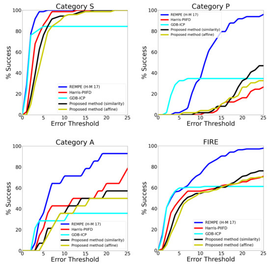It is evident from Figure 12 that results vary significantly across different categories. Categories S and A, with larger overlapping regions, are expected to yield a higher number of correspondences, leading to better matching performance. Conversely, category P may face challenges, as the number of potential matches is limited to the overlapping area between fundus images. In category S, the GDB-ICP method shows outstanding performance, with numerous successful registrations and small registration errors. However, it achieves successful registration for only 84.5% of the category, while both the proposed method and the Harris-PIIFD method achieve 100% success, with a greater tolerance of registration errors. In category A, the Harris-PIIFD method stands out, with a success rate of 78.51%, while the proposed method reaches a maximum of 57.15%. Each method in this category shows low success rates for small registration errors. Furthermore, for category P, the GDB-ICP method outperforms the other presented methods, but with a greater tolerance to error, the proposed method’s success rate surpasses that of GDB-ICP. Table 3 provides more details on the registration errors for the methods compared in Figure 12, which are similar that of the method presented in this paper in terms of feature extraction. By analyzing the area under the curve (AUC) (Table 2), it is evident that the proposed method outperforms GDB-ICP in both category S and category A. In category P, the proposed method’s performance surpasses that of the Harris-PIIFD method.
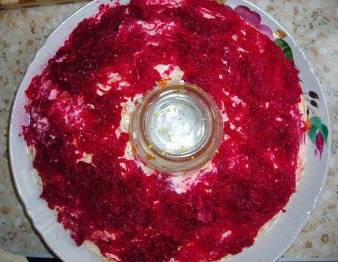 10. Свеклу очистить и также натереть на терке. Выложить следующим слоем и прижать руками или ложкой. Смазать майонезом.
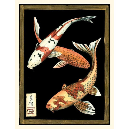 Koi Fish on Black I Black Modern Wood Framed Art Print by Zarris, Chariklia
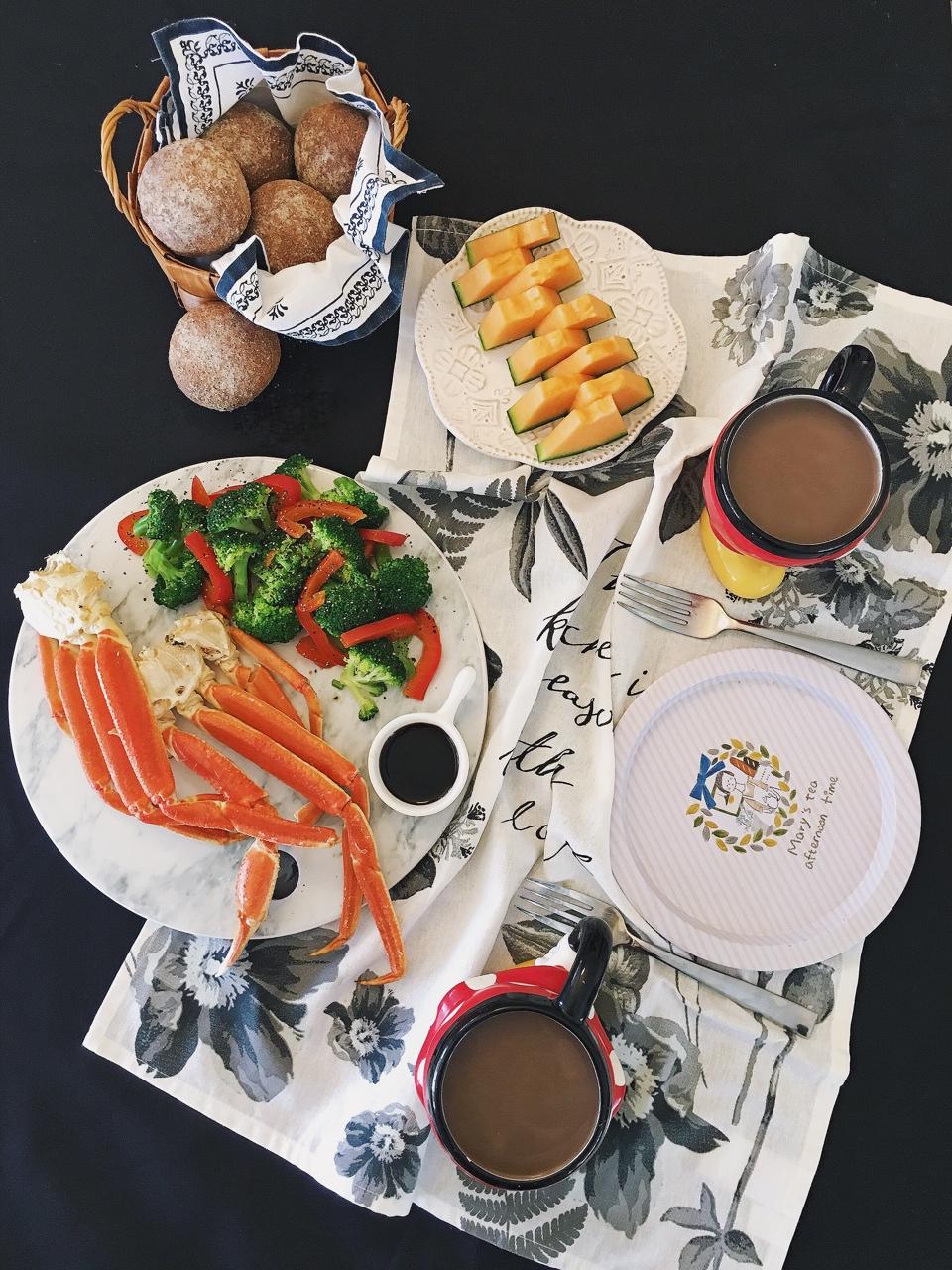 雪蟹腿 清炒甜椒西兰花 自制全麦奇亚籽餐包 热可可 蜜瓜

● ● ● ● ● ● ●

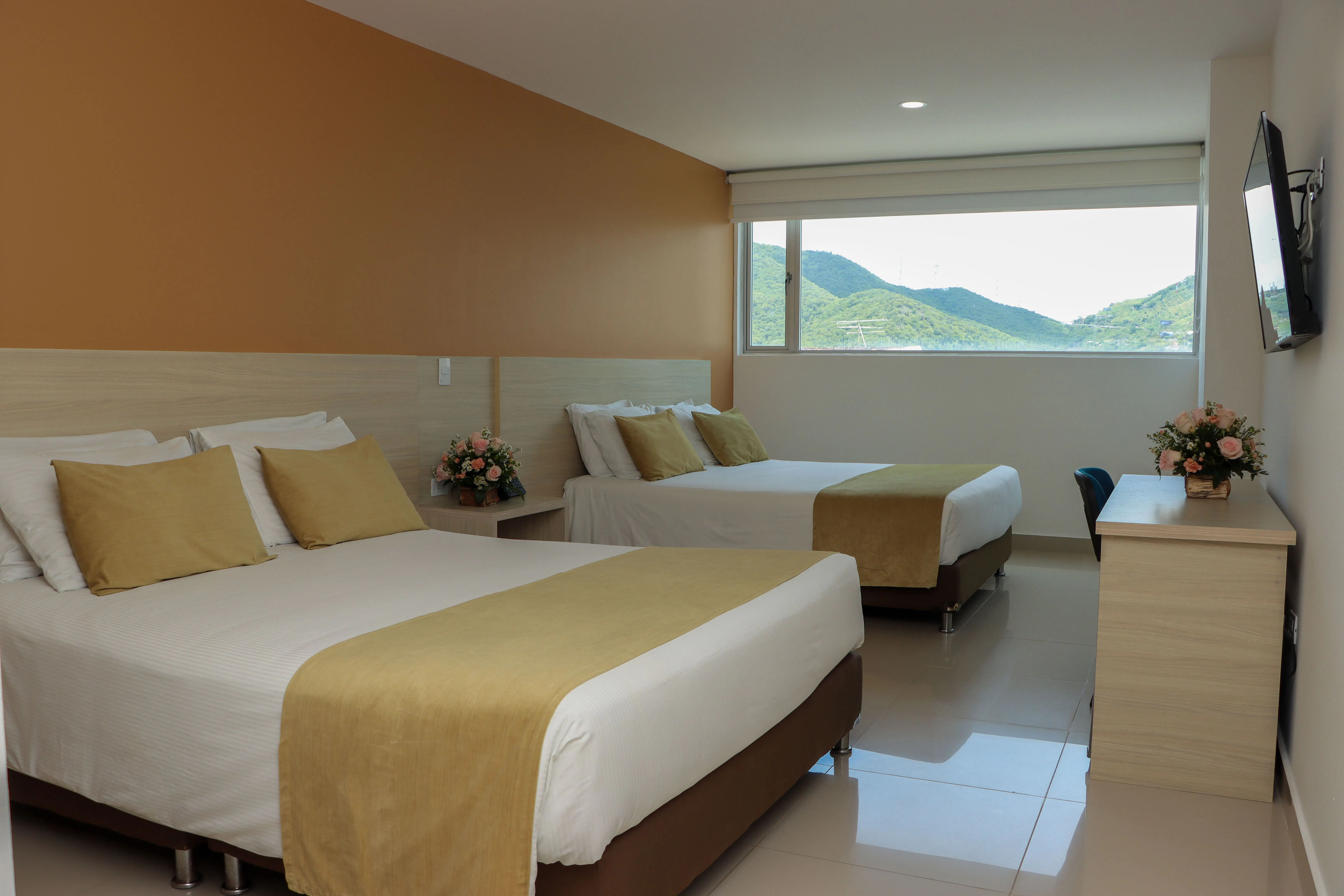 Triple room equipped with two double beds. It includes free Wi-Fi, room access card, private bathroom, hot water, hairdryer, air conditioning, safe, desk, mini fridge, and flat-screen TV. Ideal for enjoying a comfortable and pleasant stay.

● ● ● ● ● ● ●

▶ [WORK TO BE COMPLETED]
Copy out exactly the lines above beginning with the line that contains "Koi Fish on" and finishing with the line that contains "雪蟹腿 清炒甜椒西兰花 自制全麦奇亚籽餐包 热可可 蜜瓜", including both; leave the pictures out.

▶ [RESULT OF THIS EXERCISE]
 Koi Fish on Black I Black Modern Wood Framed Art Print by Zarris, Chariklia
 雪蟹腿 清炒甜椒西兰花 自制全麦奇亚籽餐包 热可可 蜜瓜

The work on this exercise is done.